A faithful copy is needed of the lines below from the one with "砂鍋魚想必大家都很熟悉,這可" up to and including the one with "Karışımlı Kısa Mont"; set it down with no pictures and no other lines.
>>
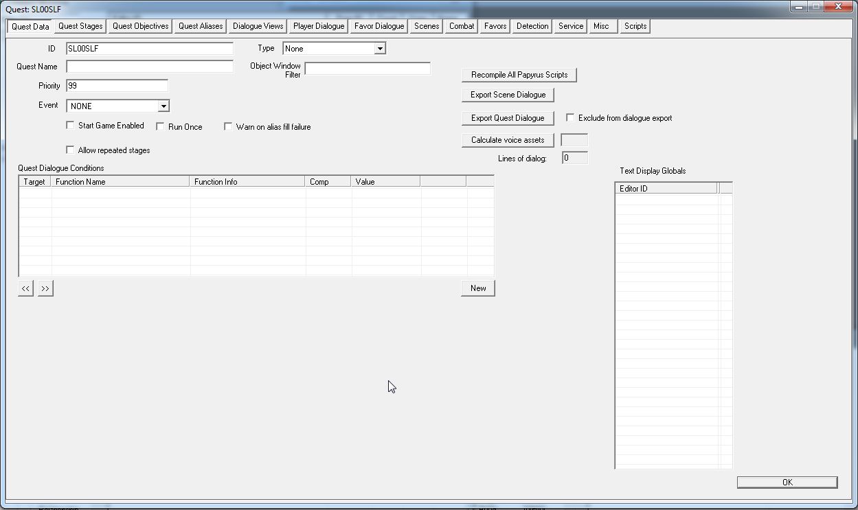 IDは分かりやすいものに。「Start Game Enabled」と「Run Once」のチェックをはずし、Priorityは「99」に設定します。ほぼ最強の優先度を誇るQuestです。
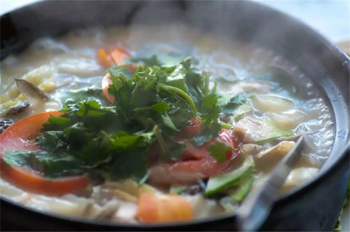 砂鍋魚想必大家都很熟悉,這可是大理地區(qū)一道傳統(tǒng)的特色名菜。以大理洱海特產(chǎn)黃殼魚為主料,砂鍋魚中還加入海參、土魷魚、干蝦米、鮮豬肝、豬小排、豬里脊、豬蹄筋等眾多鮮美食材。利用祥云特制砂鍋進(jìn)行烹煮,砂鍋魚清香鮮嫩,營養(yǎng)滋補(bǔ)。吃著砂鍋魚,再聽聽其背后“山海酒家”的故事,真是一場味蕾的盛宴。
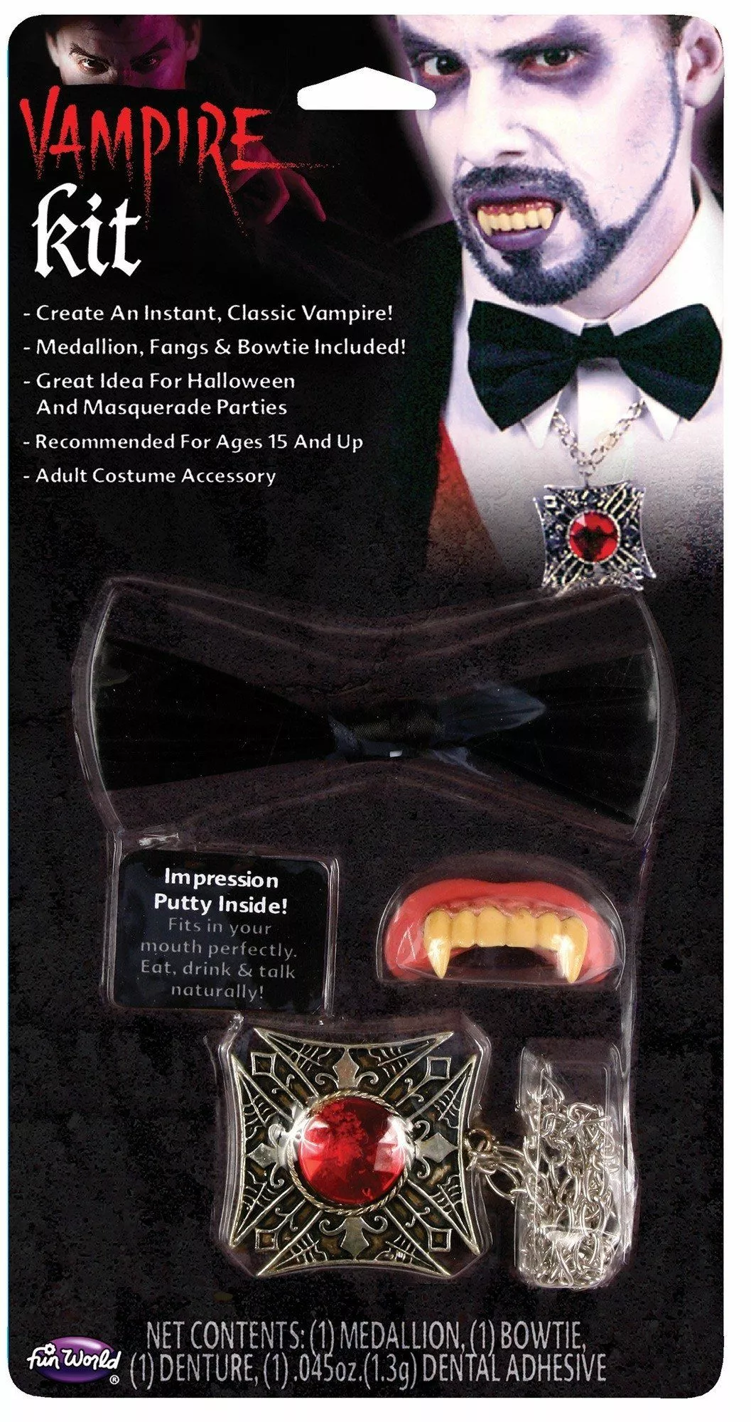 Vampire – Package includes: medallion, fangs, bow tie, dental adhesive
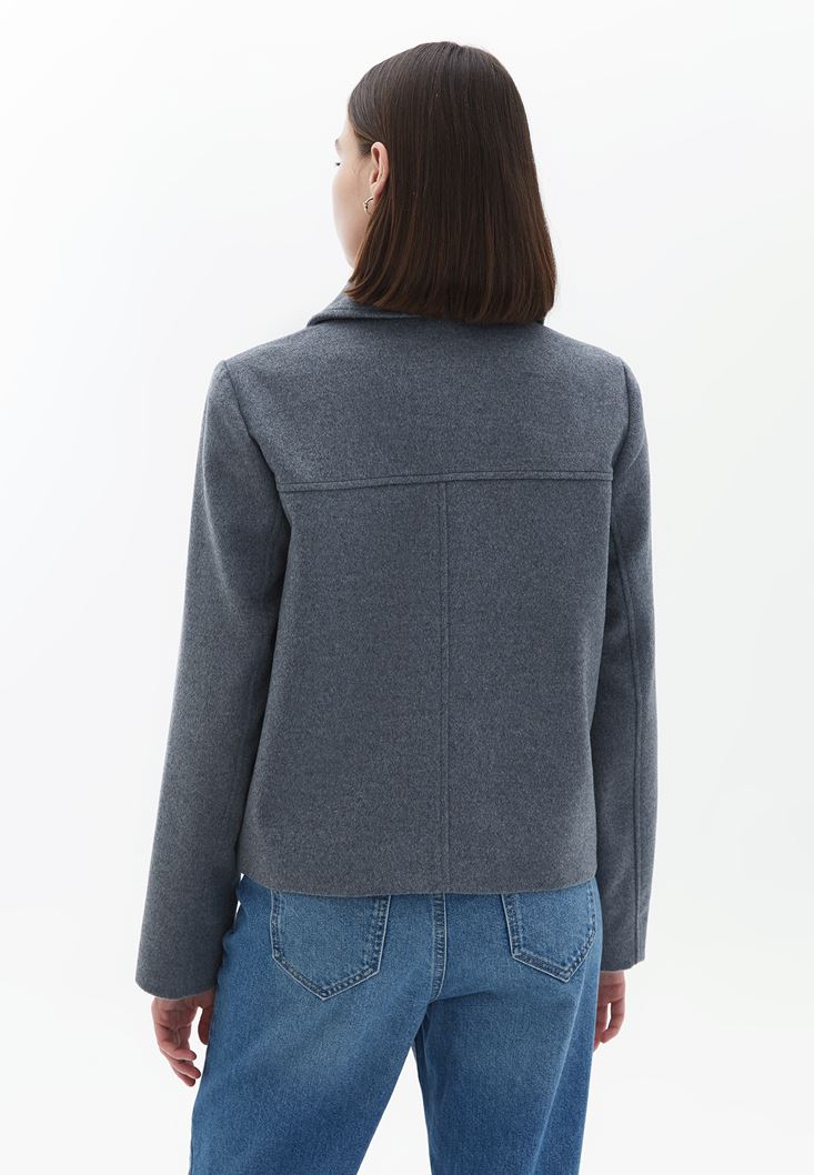 • Bayan Mavi Yün Karışımlı Kısa Mont
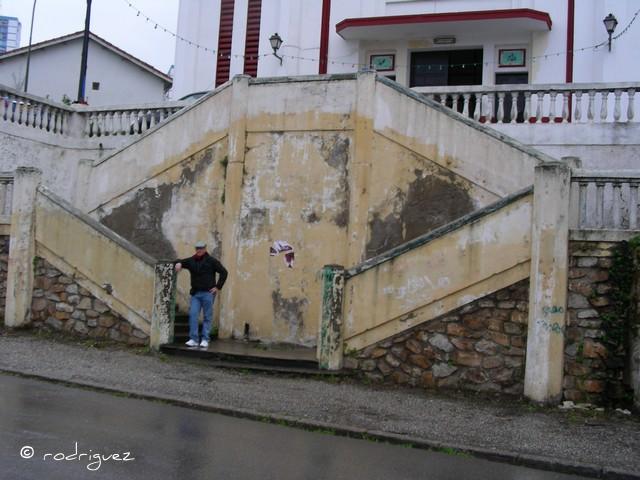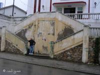 J'arrive à l'église St Thérèse, transformée en mosquée. Bien sûr ça fait un choc, je regarde je touche ses murs qui ont vu défiler tant de mariages. D'enterrement, de communiants, je me rappelle, les filles avaient des robes on aurait cru des mariés faut dire que nous les pieds noirs on était assez show times. La figure ont l'avait. Hein!!! Je monte les marches. Et je rencontre deux vendeurs de bonbons qui me disent vivre de cela. Quelle tristesse, ils sont adorables de gentillesse. Ils m'aident à prendre toutes les photos que je veux. On se parle, je leur raconte le temps glorieux de l'église St Thérèse. Et cette pluie qui ne lâche pas. Je gravis ses marches que je montais le jour de ma communion en 1960 avec mon beau costume et mon gros cierge, je pense à tous ces pas qui se sont inscrit sur ces marches, pas qui devaient être éternels mais qui ne furent que moments, dans le temps, je revois ce bon curé nous dicter son catéchisme et nous obliger à nous confesser de péchés que nous avions supposémment fait, alors je lui racontais n'importe quoi, que j'avais volé des carottes dans le champs de Mr Magro. Quels péchés ont a fait à dix ans! "Bon alors il me disait: tu diras pour ta pénitence, trois je vous salue Marie et quatre Notre père" ça peut bien m'avoir écoeuré de la religion et toutes ces grenouilles de bénitier qui je me rappelle étaient assises sur les bancs à prier avec leur missel et qui une fois sorties de l'église se mettaient à raconter tous et n'importe quoi sur le voisinage. Ah les commères!!!
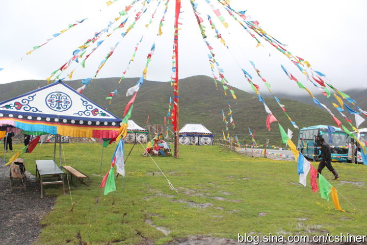 休息完毕,我们继续赶路,一路上我们看到很多牦牛在绿色的草地上,终于来到一个草甸,草甸上有一些蒙古包,我们可以走进任意一个蒙古包,吃一些特色的小吃,如:烤羊肉串、牦牛酸奶、奶茶等,儿子尝了羊肉串,10元一串,我尝了酸奶,15元一杯。如果是晴天,这里应该可以骑马,还有演出。但我们去的那会儿,雨下得很大,而且很冷,所以我们很快就离开了。
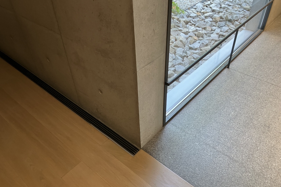 洗練された素材とディテール、必要なものだけがあるべきかたちであるという建築の境地で、ラインが完璧にそろえられたディテールなど、施工誤差という概念がないのだろうか。。。
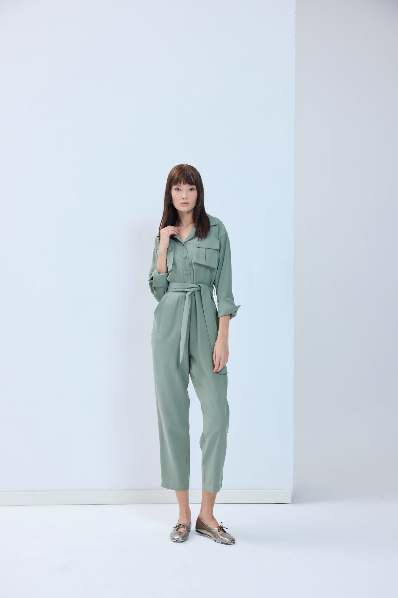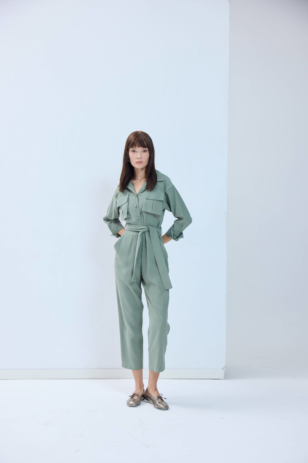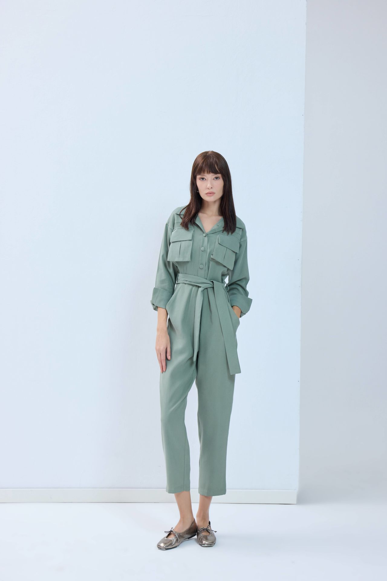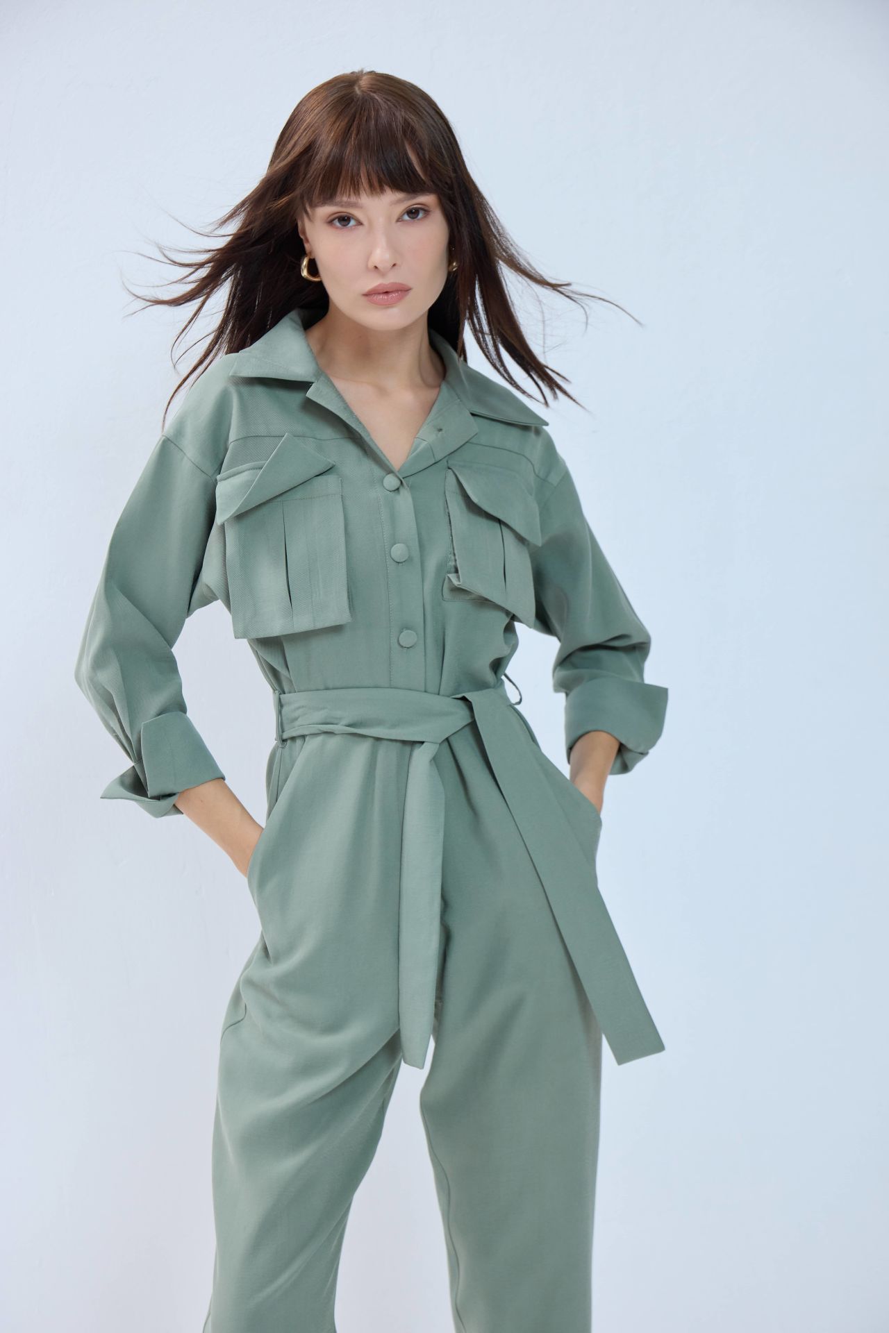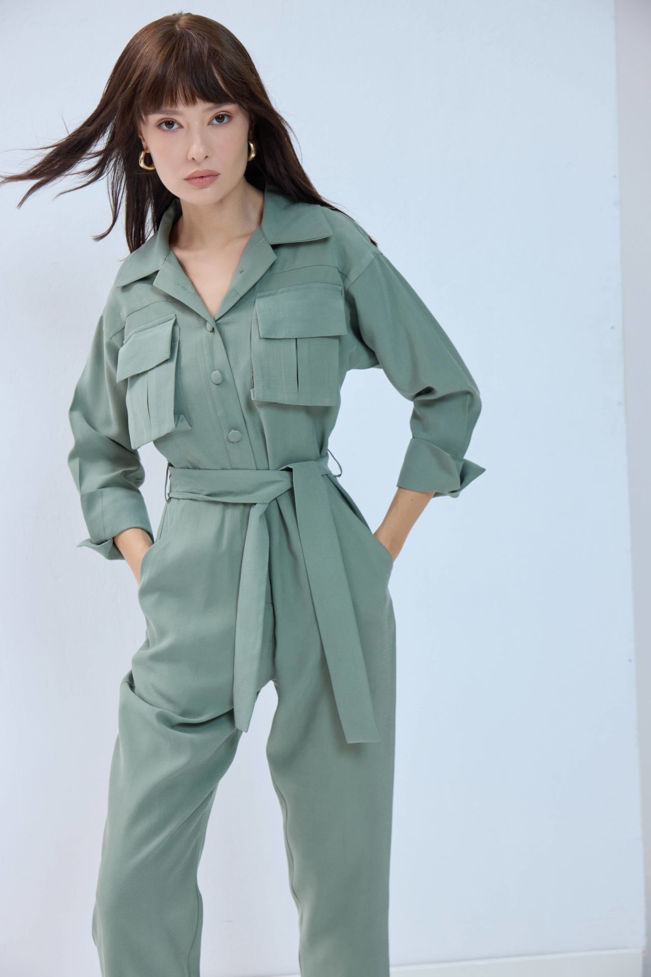 Uzun Kollu Modal Tulum - Yeşil 102-4 Uzun Kollu Modal Tulum - Yeşil
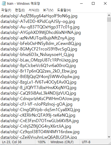 build\darknet\x64\data\ 아래에 train.txt 파일을 만들고 모든 이미지의 경로를 적는다. (darknet.exe 기준 상대경로로)
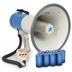 Głośny i wydajny megafon o mocy 20W. Posiada wbudowany akumulator, ale można go również zasilać przy pomocy zwykłych baterii.
<<
* _Answer_:
 砂鍋魚想必大家都很熟悉,這可是大理地區(qū)一道傳統(tǒng)的特色名菜。以大理洱海特產(chǎn)黃殼魚為主料,砂鍋魚中還加入海參、土魷魚、干蝦米、鮮豬肝、豬小排、豬里脊、豬蹄筋等眾多鮮美食材。利用祥云特制砂鍋進(jìn)行烹煮,砂鍋魚清香鮮嫩,營養(yǎng)滋補(bǔ)。吃著砂鍋魚,再聽聽其背后“山海酒家”的故事,真是一場味蕾的盛宴。
 Vampire – Package includes: medallion, fangs, bow tie, dental adhesive
 • Bayan Mavi Yün Karışımlı Kısa Mont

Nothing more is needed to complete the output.